Work request
Nothing but the text of the records should come back; copy it exactly and leave the pictures out.

+ + + + +

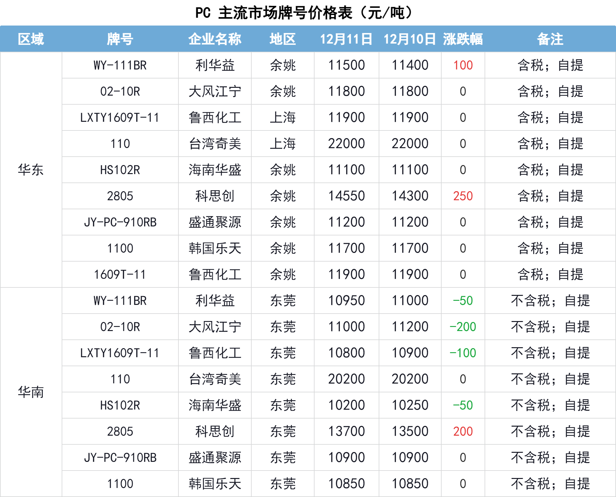 12月11日,国内PC市场互有涨跌,主流市场价波动50-250元/吨。市场供应利好尚存,支撑持货商报盘坚挺,随行走货为主,需求端表现谨慎,下游企业多消化原料库存,对原料涨势存观望心态,交投略显僵持。
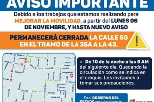 Debido a las obras, a partir del lunes 6 de noviembre permanecerá cerrado al tránsito …
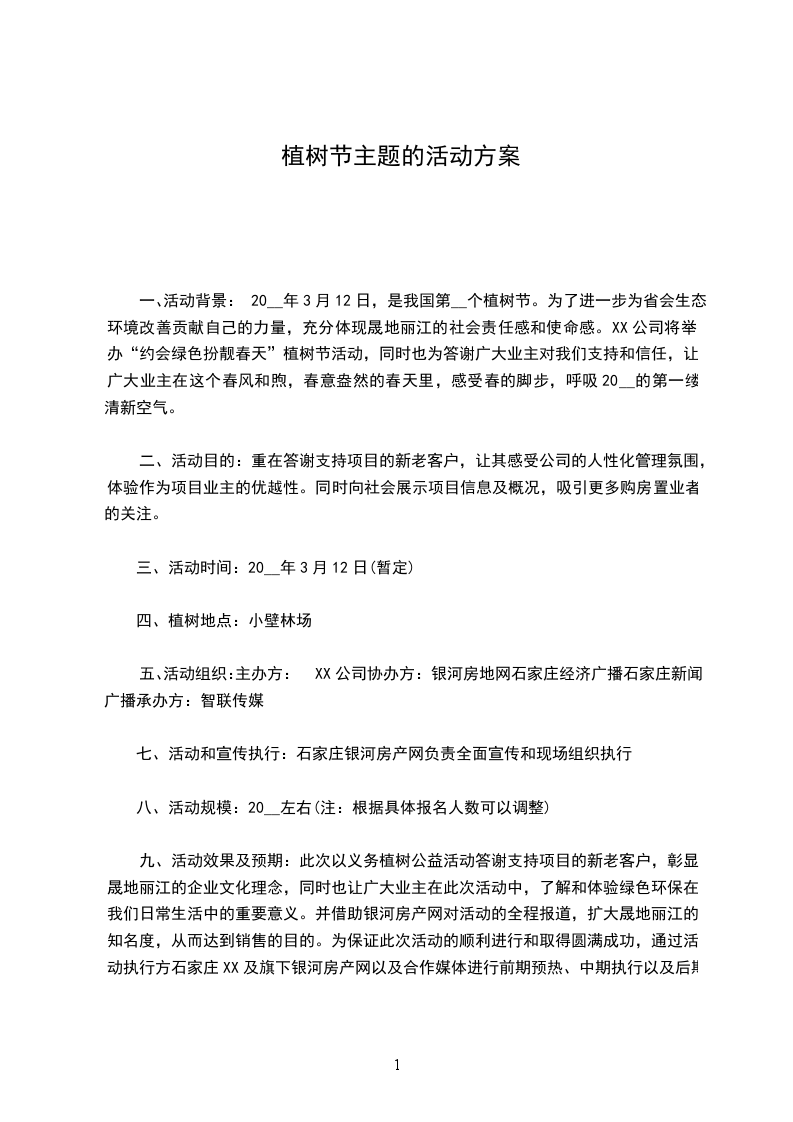 一、活动背景:20__年3月12日,是我国第__个植树节。为了进一步为省会生态环境改善贡献自己的力量,充分体现晟地丽江的社会责任感和使命感。XX公司将举办“约会绿色扮靓春天”植树节活动,同时也为答谢广大业主对我们支持和信任,让广大业主在这个春风和煦,春意盎然的春天里,感受春的脚步,呼吸20__的第一缕清新空气。
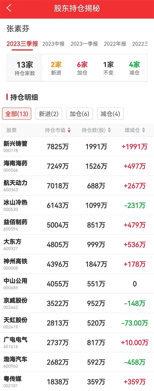 首先是张素芬,在三季度,张素芬一共出现在了13家上市公司的前十大股东中,如下图所示:
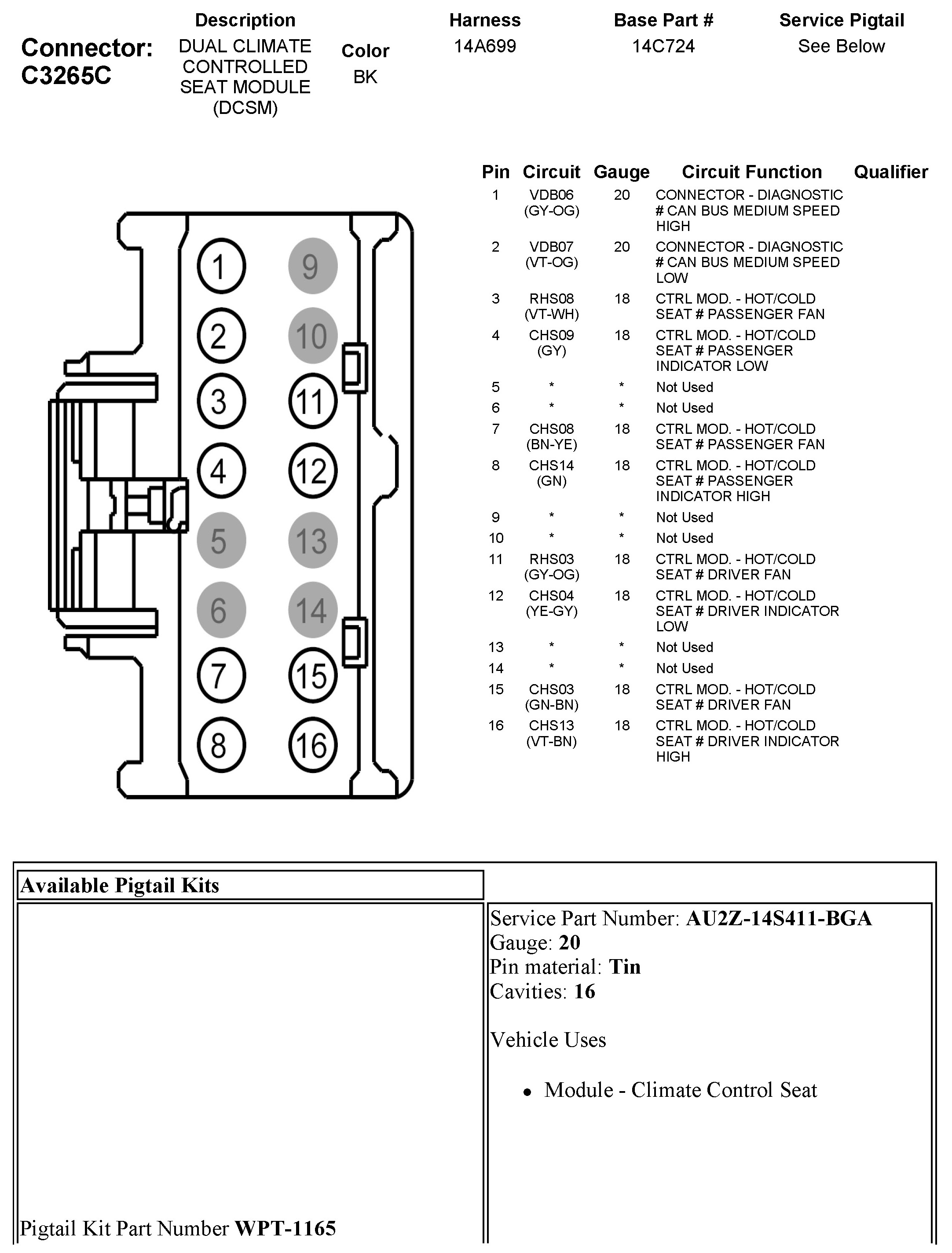 C3265C Dual Climate Controlled Seat Module (DCSM)
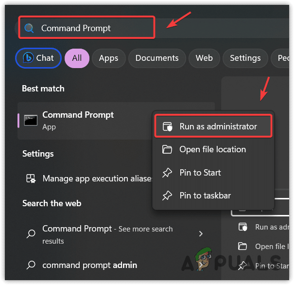 2. انقر بزر الماوس الأيمن على Command Prompt واختر تشغيل كمسؤول.
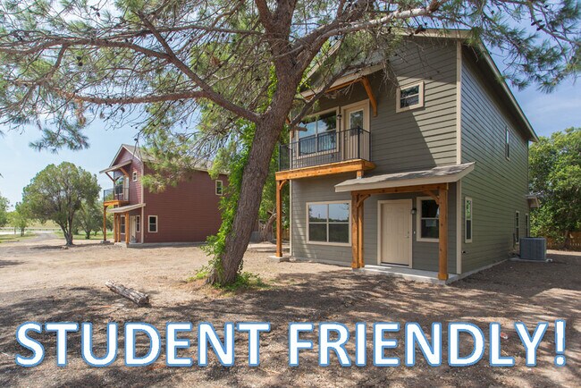 Ranch Style student housing for Texas State University students. Large fenced yards. Pet friendly. Plenty of parking. Spring fed stock fishing pond. Rent covers water (up to 5000 gallons monthly), lawn care, internet (940 MBPS Download) Located behind outlet malls.
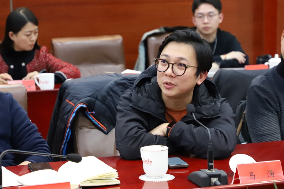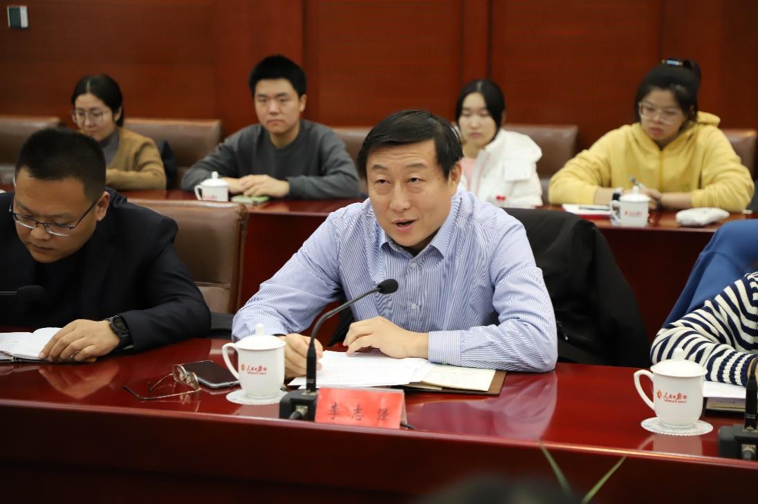 随后的座谈会由人民日报社评论部副主任刘维涛主持,人民日报社对外交流合作部副主任李志强、人事局人力资源管理处副处长侯军以及在报社工作的院友代表同师生一行共同参加。
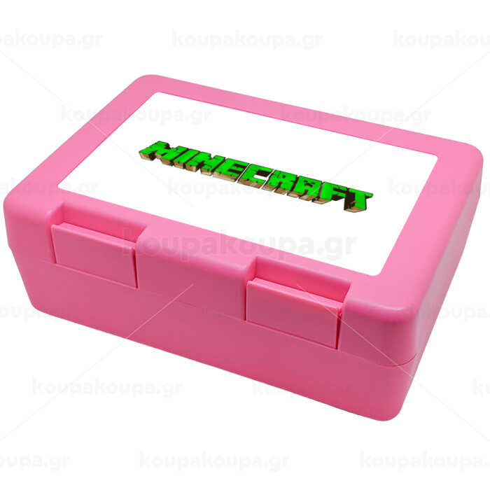 Minecraft logo green, Children's cookie container PINK 185x128x65mm (BPA free plastic)
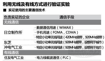 日立制作所還利用使用高速互聯(lián)網(wǎng)的“WiMAX”及NTT DoCoMo的“FOMA”、KDDI的“CDMA”等手機(jī)無線方式進(jìn)行驗(yàn)證。另外,還利用無需無線知識(shí)及使用許可即可加以利用的“特定小功率無線”頻帶420MHz及920MHz進(jìn)行驗(yàn)證。
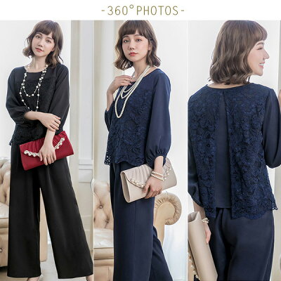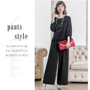【期間限定sale 2000円off】パーティードレス パンツ 大きいサイズ 結婚式 ドレス パンツドレス セットアップ ロング 袖あり パーティドレス 結婚式ドレス パンツスタイル フォーマル レースモチーフ ワイド パンツドレス【dsp069】
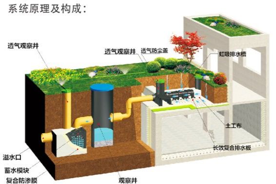 车库顶板虹吸排水系统施工简单,因为虹吸原理可快速排水,减少车库顶板压力,避免渗漏和植物根系长期泡水腐烂,利于植物生长。
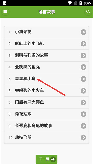 3、在【睡前故事】列表页,可看到《小猫采花》-《星星和小鸟》等故事条目,选择【星星和小鸟】这个条目进入故事内容页。

+ + + + +

Task solution
 12月11日,国内PC市场互有涨跌,主流市场价波动50-250元/吨。市场供应利好尚存,支撑持货商报盘坚挺,随行走货为主,需求端表现谨慎,下游企业多消化原料库存,对原料涨势存观望心态,交投略显僵持。
 Debido a las obras, a partir del lunes 6 de noviembre permanecerá cerrado al tránsito …
 一、活动背景:20__年3月12日,是我国第__个植树节。为了进一步为省会生态环境改善贡献自己的力量,充分体现晟地丽江的社会责任感和使命感。XX公司将举办“约会绿色扮靓春天”植树节活动,同时也为答谢广大业主对我们支持和信任,让广大业主在这个春风和煦,春意盎然的春天里,感受春的脚步,呼吸20__的第一缕清新空气。
 首先是张素芬,在三季度,张素芬一共出现在了13家上市公司的前十大股东中,如下图所示:
 C3265C Dual Climate Controlled Seat Module (DCSM)
 2. انقر بزر الماوس الأيمن على Command Prompt واختر تشغيل كمسؤول.
 Ranch Style student housing for Texas State University students. Large fenced yards. Pet friendly. Plenty of parking. Spring fed stock fishing pond. Rent covers water (up to 5000 gallons monthly), lawn care, internet (940 MBPS Download) Located behind outlet malls.
 随后的座谈会由人民日报社评论部副主任刘维涛主持,人民日报社对外交流合作部副主任李志强、人事局人力资源管理处副处长侯军以及在报社工作的院友代表同师生一行共同参加。
 Minecraft logo green, Children's cookie container PINK 185x128x65mm (BPA free plastic)
 日立制作所還利用使用高速互聯(lián)網(wǎng)的“WiMAX”及NTT DoCoMo的“FOMA”、KDDI的“CDMA”等手機(jī)無線方式進(jìn)行驗(yàn)證。另外,還利用無需無線知識(shí)及使用許可即可加以利用的“特定小功率無線”頻帶420MHz及920MHz進(jìn)行驗(yàn)證。
【期間限定sale 2000円off】パーティードレス パンツ 大きいサイズ 結婚式 ドレス パンツドレス セットアップ ロング 袖あり パーティドレス 結婚式ドレス パンツスタイル フォーマル レースモチーフ ワイド パンツドレス【dsp069】
 车库顶板虹吸排水系统施工简单,因为虹吸原理可快速排水,减少车库顶板压力,避免渗漏和植物根系长期泡水腐烂,利于植物生长。
 3、在【睡前故事】列表页,可看到《小猫采花》-《星星和小鸟》等故事条目,选择【星星和小鸟】这个条目进入故事内容页。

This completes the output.